Liest oder hört man heutzutage den Namen Wolfgang Harich, so hat dies meist mit seiner Rolle als oppositioneller Gegenspieler Walter Ulbrichts im Jahre 1956 zu tun. Seltener stolpert man über seinen Namen im Zusammenhang mit dem ökologischen Diskurs oder mit seinem Engagement für eine sachlichere Beurteilung der DDR in der Geschichtsschreibung des wiedervereinten Deutschlands. So gut wie gar nicht nimmt man mehr seinen Einsatz für Jean Paul und Ludwig Feuerbach wahr, oder seinen Kampf gegen eine Nietzsche-Renaissance in der DDR oder, oder, oder.

Man sieht, Wolfgang Harich war ein vielseitiger Philosoph, der auch den Schritt aus dem Elfenbeinturm heraus in die nüchterne Realität nicht scheute. Vielleicht liegt dies auch an seiner Biografie mit ihrem Wechselbad zwischen Erfolgen und harten Rückschlägen. Geboren wurde Harich am 9. Dezember 1923 in Königsberg in einem bildungsbürgerlichen Hause. Seine Familie zog nach Neuruppin und von dort aus dann nach Berlin, wo der junge Wolfgang Harich zu Beginn der vierziger Jahre bereits ein Interesse für Philosophie entwickelte. Um 1942 herum stieß er auf Lenins Schrift „Materialismus und Empiriokritizismus“, für die er sich begeisterte.[1] Im gleichen Jahr wurde er zur Wehrmacht eingezogen. Zwei Jahre später desertierte er und schloss sich einer Berliner Widerstandsgruppe an. Er wurde von den Nazis nicht entdeckt und versteckte sich Anfang Mai 1945 in Wilmersdorf. Dort wurde er kurz vor der endgültigen Befreiung Deutschlands von Wolfgang Leonhard aufgesucht, der ihm im Auftrag Walter Ulbrichts anbot, die Nachkriegsverwaltung für den Stadtbezirk zu übernehmen. Harich lehnte die Bitte ab, bat aber darum, stattdessen im kulturellen Bereich tätig werden zu dürfen.[2] Der Bitte wurde stattgegeben und Harich startete eine steile Karriere in der SBZ/DDR: Er trat im Februar 1946 der KPD bei und wurde bald SED-Mitglied. Zugleich studierte er Philosophie und Literaturwissenschaften, wurde anschließend Dozent an der Humboldt-Universität Berlin und promovierte dort 1951 über Johann Gottfried Herder.[3] Nur ein Jahr später wurde er im Alter von 29 Jahren Professor für Philosophie an der HU und Lektor im Aufbau-Verlag. Gemeinsam mit Ernst Bloch gründete er die „Deutsche Zeitschrift für Philosophie“ und wurde deren Chefredakteur.
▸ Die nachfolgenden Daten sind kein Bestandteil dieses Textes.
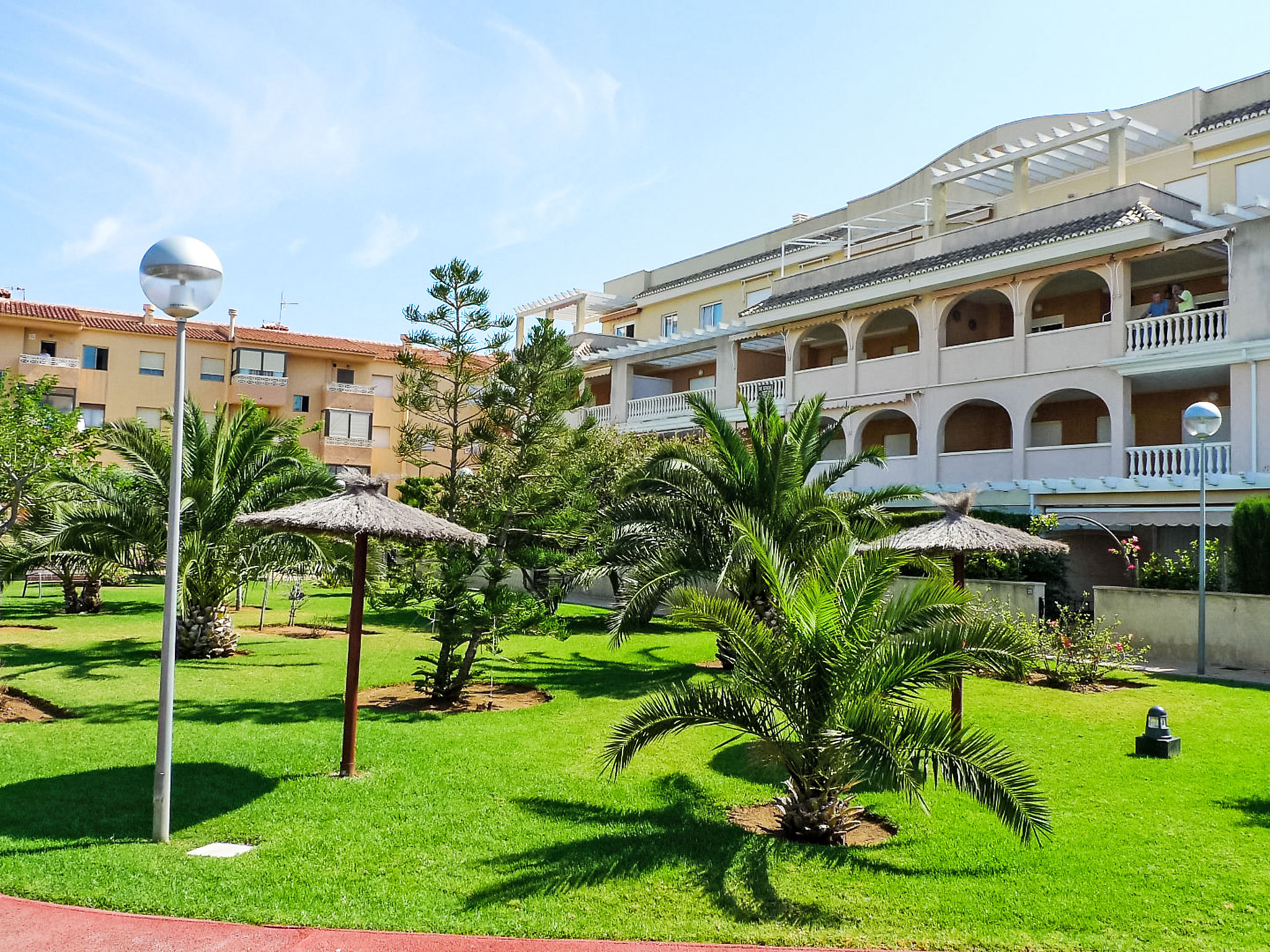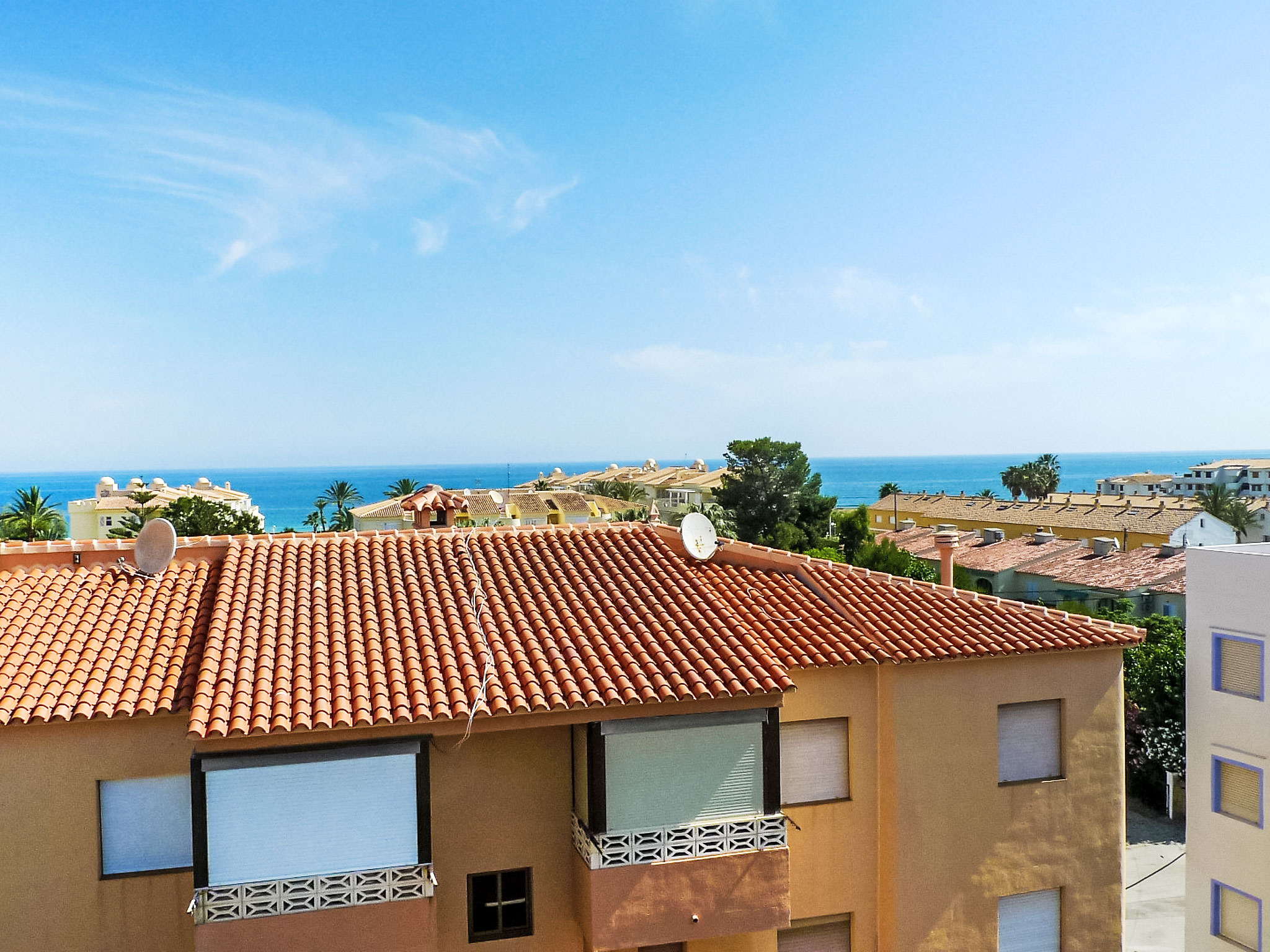 Schönes, gemütliches Appartementhaus "Luz del Mediterraneo", auf 3 Stockwerken, Baujahr 2001. 5 km vom Zentrum von Dénia, im Bezirk Les Marines, 200 m vom Meer, 180 m vom Strand, Richtung Westen. Zur Mitbenutzung: grosser, schöner, gepflegter Garten (eingezäunt) mit Rasen und Pflanzen, Schwimmbad (20 x 11 m, 230 - 80 cm tief, saisonale Verfügbarkeit: 01.Jan.-31.Dez.). Kinderbecken, Aussendusche. Im Hause: Fahrstuhl. Gemeinschaftsgarage. Einkaufsgeschäft 300 m, Supermarkt 500 m, Restaurant, Café 250 m, Bushaltestelle 50 m, Sandstrand "Els Molins" 250 m. Sporthafen 5 km, Golfplatz (18 Loch) 2 km. Der Besitzer akzeptiert keine Jugendgruppen.
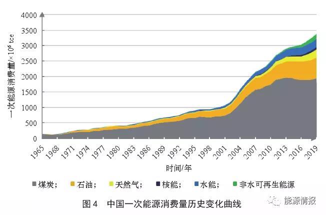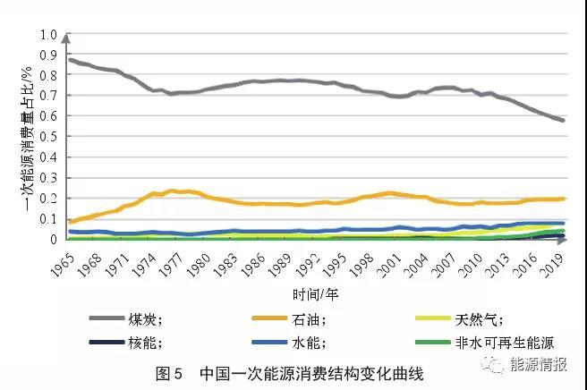 1965—2019 年,一次能源消費(fèi)量(見圖 4)及消費(fèi)結(jié)構(gòu)(見圖 5)的變化情況顯示:我國一次能源消費(fèi)量從 1.87×108 tce 增長到 4.83億tce,年均增長率為 6.25%;而能源相關(guān) CO2排放量則從 4.89億t 增加到 98.3億t,年均增長率為 5.74%;在此期間,煤炭始終占據(jù)能源主力位置,但占比從87.0%下降至 57.4%。
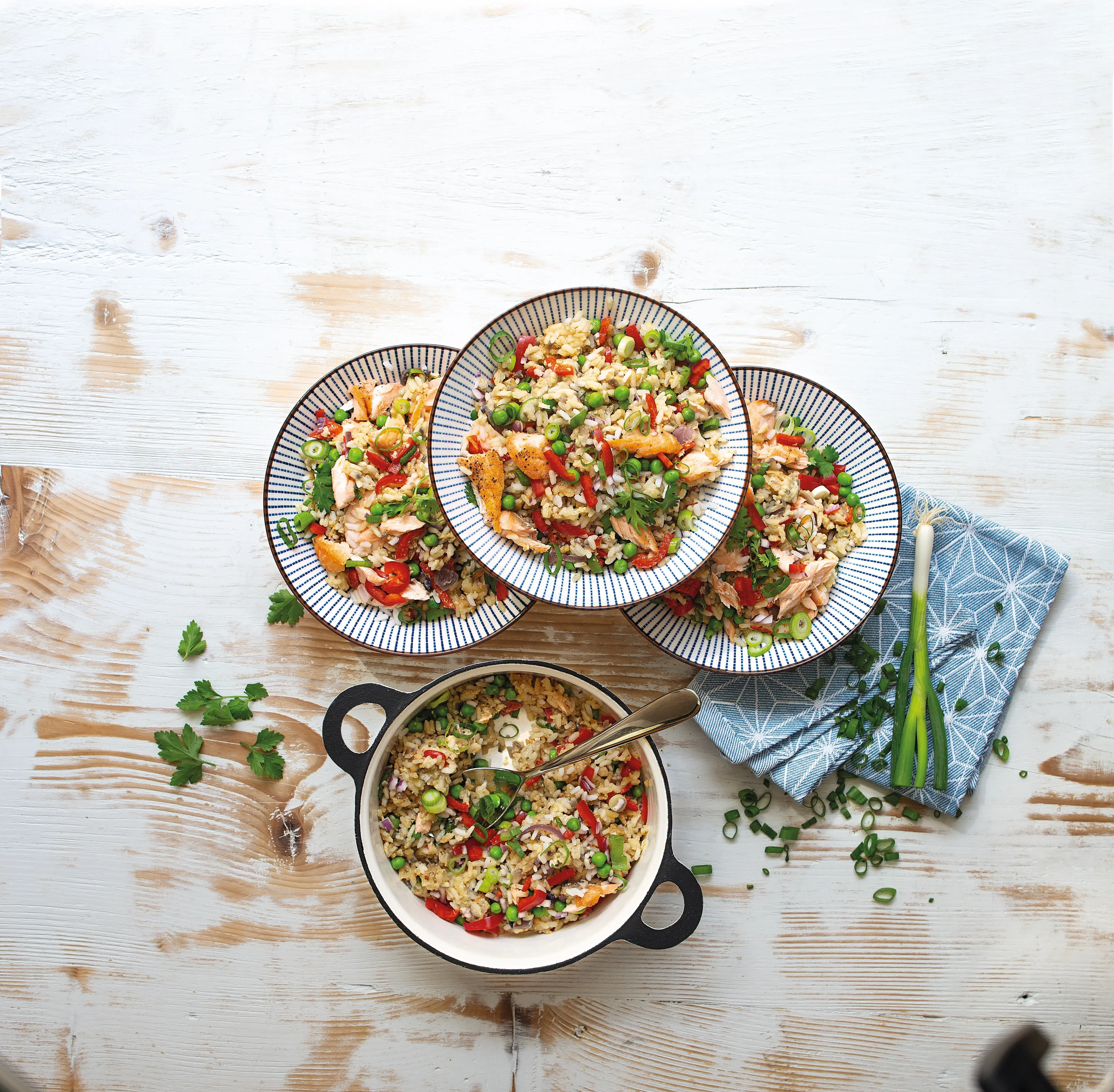 Zbytková rýže: Použijte rýži uvařenou předem a uchovávanou v lednici. Vhodná je zejména jasmínová rýže a rýže basmati, ale můžete využít i jiné druhy.

1953 traten erste Spannungen zwischen Harich und der SED-Politik auf: Seine Vorlesungen über Hegel entsprachen nicht der Hegelkritik Stalins, was ihm eine Parteirüge einbrachte.[4] Den jungen Intellektuellen engten die Parteidoktrin und der kulturpolitische Kurs der SED zu sehr ein. Kein Wunder also, dass er nach dem XX. Parteitag der KPdSU (Februar 1956), auf dem Chruschtschow den Entstalinisierungskurs verkündete, auf mehr kulturelle und philosophische Freiräume hoffte. Harich verband mit dem Tauwetter außerdem die Hoffnung auf eine baldige deutsche Wiedervereinigung unter demokratisch-sozialistischen Vorzeichen. Er wünschte sich eine Entstalinisierung der DDR und einen Wahlsieg der SPD im kommenden Jahr in der BRD. Dann wäre eine schnelle Einheit realistisch, so sein Glaube.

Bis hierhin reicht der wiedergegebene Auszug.